The Wikipedia page on $\log 2$ mentions a trick to compute $\log 2$ based on the identity
$$2 = \left(\frac{16}{15}\right)^7\left(\frac{81}{80}\right)^3\left(\frac{25}{24}\right)^5$$
It's not too hard to come up with similar-looking formula, for instance:
$$2 = \left(\frac{9}{8}\right)\left(\frac{8}{7}\right)^2\left(\frac{7}{6}\right)^2$$
Consider a formula to have the form
$$2 = \prod_{i=1}^m \left(1+\frac{1}{n_i}\right)^{k_i}$$ where $n_i$ are positive integers and $k_i$ are (possibly negative) integers.

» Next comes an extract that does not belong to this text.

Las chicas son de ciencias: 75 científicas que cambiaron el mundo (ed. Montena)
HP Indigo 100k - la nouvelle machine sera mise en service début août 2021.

For a given $m$, the best formula maximizes the smallest $n_i$. How would one go about finding such formulas? Is there a trick besides brute force?
Edit: neat, finding consecutive pairs of p-smooth numbers and solving a lattice problem gives us things like
$$2 = \left(\frac{126}{125}\right)^{72}\left(\frac{225}{224}\right)^{27}\left(\frac{2401}{2400}\right)^{-19}\left(\frac{4375}{4374}\right)^{31}$$
and
$$\frac{144}{251} \sum_{k=0}^{\infty} \frac{1}{(2k+1)63001^k} + \frac{54}{449}\sum_{k=0}^{\infty} \frac{1}{(2k+1)201601^k}-\frac{38}{4801}\sum_{k=0}^{\infty} \frac{1}{(2k+1)23049601^k}+\frac{62}{8749}\sum_{k=0}^{\infty} \frac{1}{(2k+1)76545001^k} = \log 2$$
I think I figured it out, thanks to the comment. The key is to pay attention to the prime decomposition of the $n_i$'s and $n_i+1$'s. Let $p$ be the largest prime factor of any integer in $\{n_i\}_i \cup \{n_i+1\}_i$, so that for all i, $n_i$ and $n_{i+1}$ are p-smooth.

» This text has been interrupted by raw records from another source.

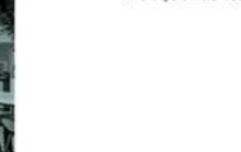
Restaurant Zugang Restaurant
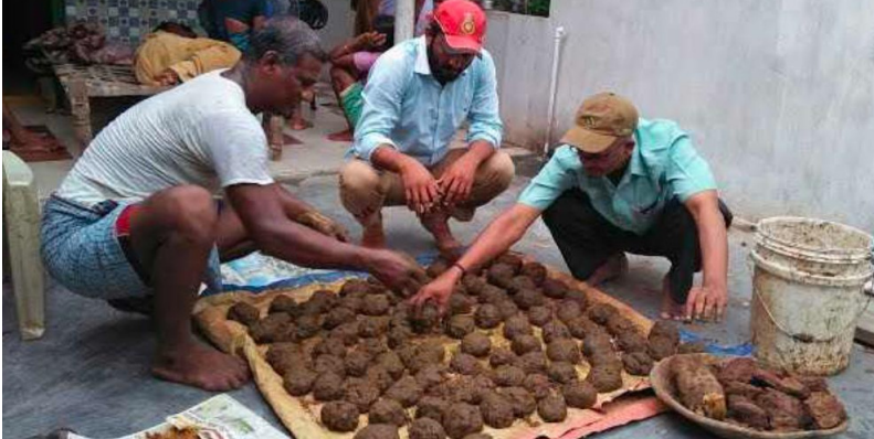
కల్వర్ 5. 7. ఏప్రిల్. ప్రజా జ్యోతి:

- ప్రొఫెసర్ రమేష్ చంద్ వ్యవసాయ ఆర్థిక వేత్త -వ్యవసాయ రైతులకు. ప్రకృతి సేద్యం జీవామ్మతం పై అవగాహన శిక్షణ -48 గంటల పులిస్తే చాలు జీవామ్మతం ఎరువు తయారవుతుంది
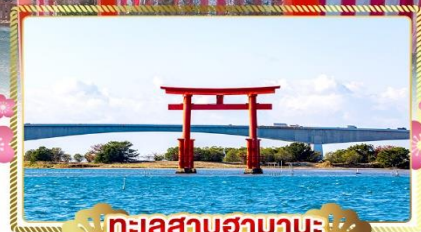
ทะเลสาบฮามานะ
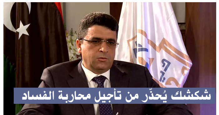
شكشك يُحذّر من تأجيل محاربة الفساد

أدان النائب الأول لرئيس مجلس النواب فوزي النويري "بعض التصريحات للدبلوماسيين في الشأن الليبي التي من شأنها أن تقوض أي تقارب بين الليبيين وتهدد الأمن القومي للبلاد". وقال النويري في بيان له، إن هذه التصريحات الصادرة عن دبلوماسيين سواء أكانوا مبعوثين خاصين أو سفراء أو حتى رؤساء لبعض الدول تأتي في وقت تقترب فيه البلاد من تسوية وطنية (ليبية - ليبية)، واعتبرها تدخلات سافرة في الشأن الليبي؛ يمنعها القانون الوطني والقانون الدولي.

Commenter Gerry Myerson usefully points to Stormer's problem and the theorem that, for all $p$ there is a finite set of consecutive integers which are both $p$-smooth.
This yields the following algorithm: fix the value of $p$, find the $p$-smooth pairs of consecutive integers, pick a subset (typically one might need \Pi(p) pairs) and solve the linear system for the values of $k_i$.
This yield the identity mentioned in the edited question.